-- What you are asked to do --
With any pictures left out, restate word for word the lines in the listing below from the one holding "The energy-saving LED" through the last.

-- Recorded data --
◆ ◆ ◆ ◆ ◆ ◆ ◆

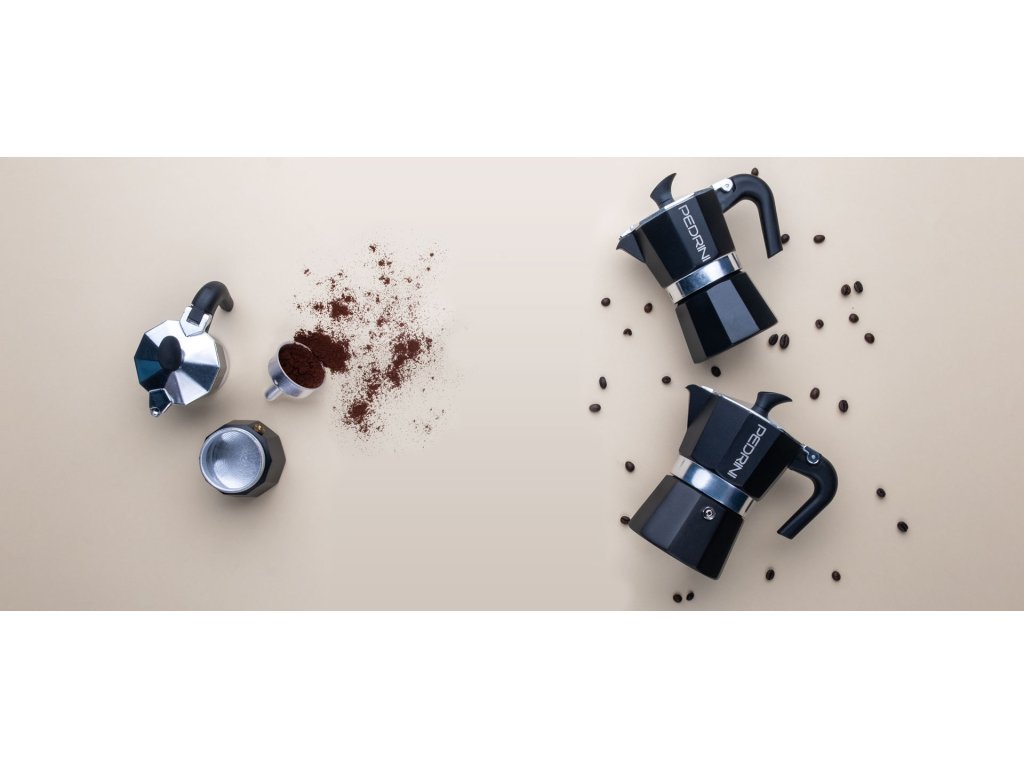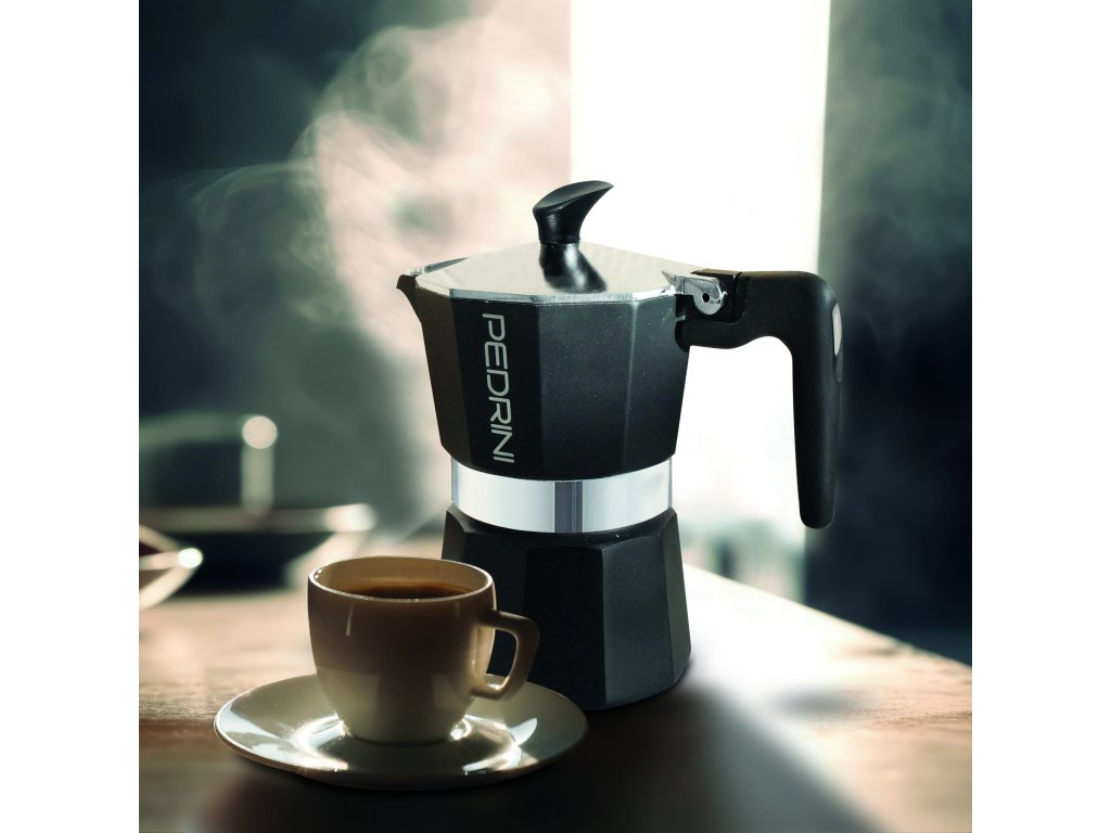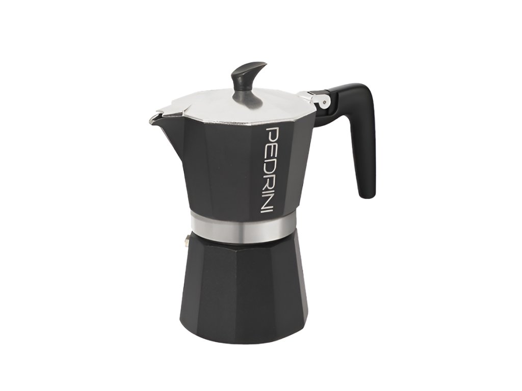 Celočerná hliníková moka konvička od italské značky Pedrini.
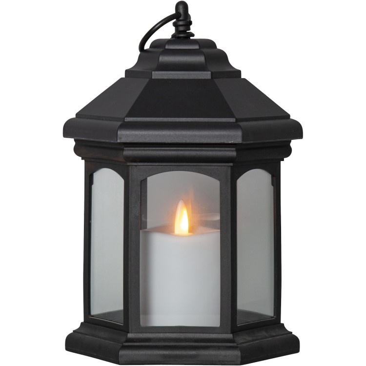 The energy-saving LED lamp has 18 diodes. The pulsating light of the diodes produces a lifelike and realistic flame that shines with a warm shite glow through the transparent window of the lantern.Lantern for garden, balcony & patio
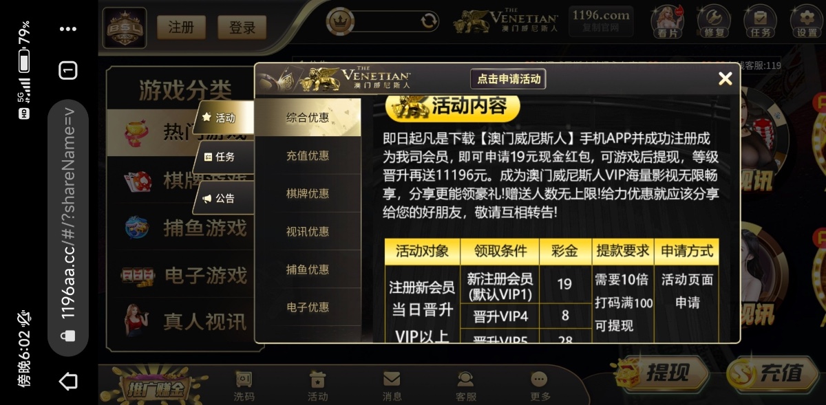 新用户下载APP注册自助申请送19/10倍流水提现。
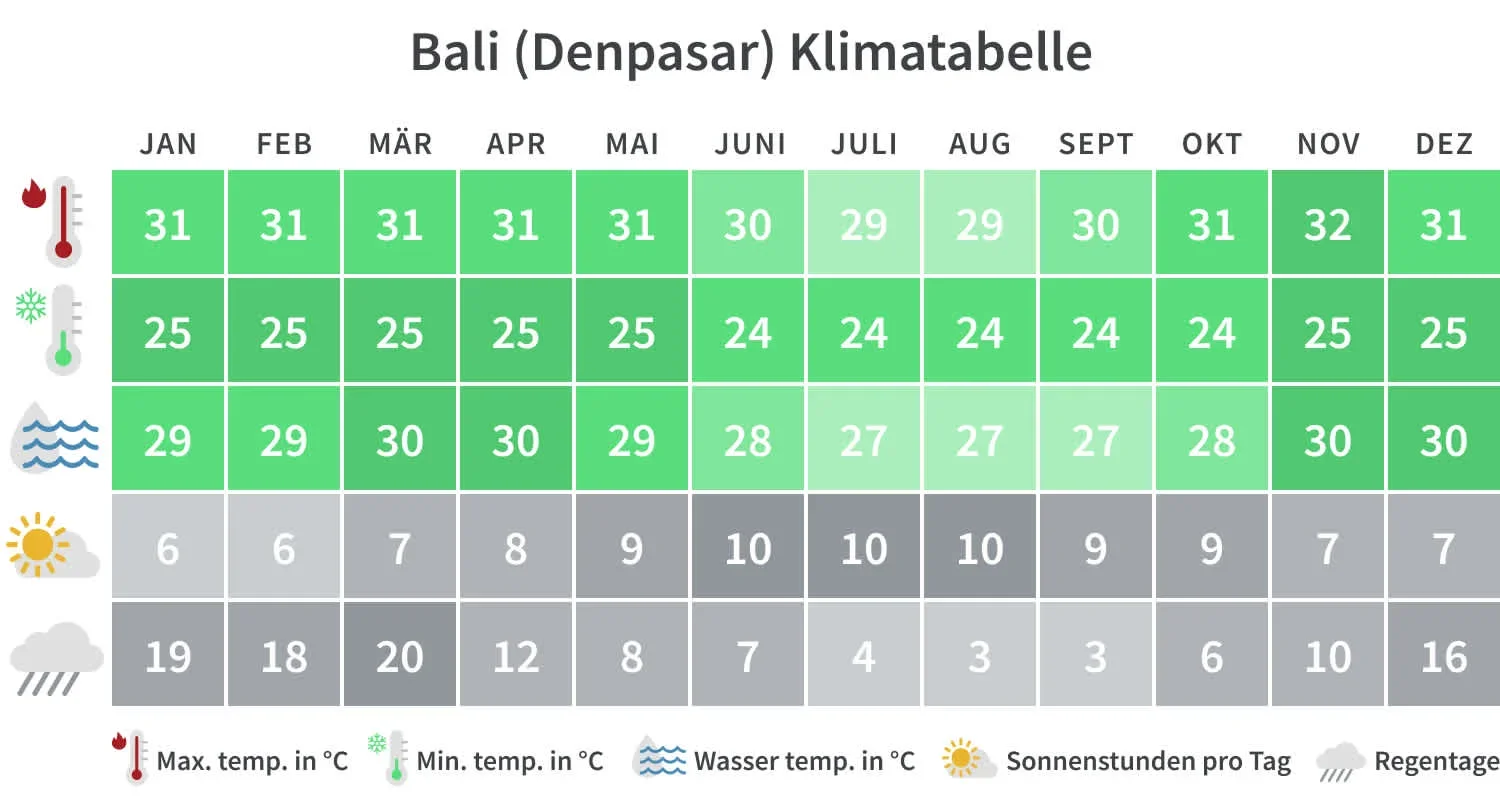 De besøkende kan glede seg over lange dager med sol og minimal regn, noe som maksimerer mulighetene for å utforske de fascinerende områdene på Bali.

◆ ◆ ◆ ◆ ◆ ◆ ◆

-- Task solution --
 The energy-saving LED lamp has 18 diodes. The pulsating light of the diodes produces a lifelike and realistic flame that shines with a warm shite glow through the transparent window of the lantern.Lantern for garden, balcony & patio
 新用户下载APP注册自助申请送19/10倍流水提现。
 De besøkende kan glede seg over lange dager med sol og minimal regn, noe som maksimerer mulighetene for å utforske de fascinerende områdene på Bali.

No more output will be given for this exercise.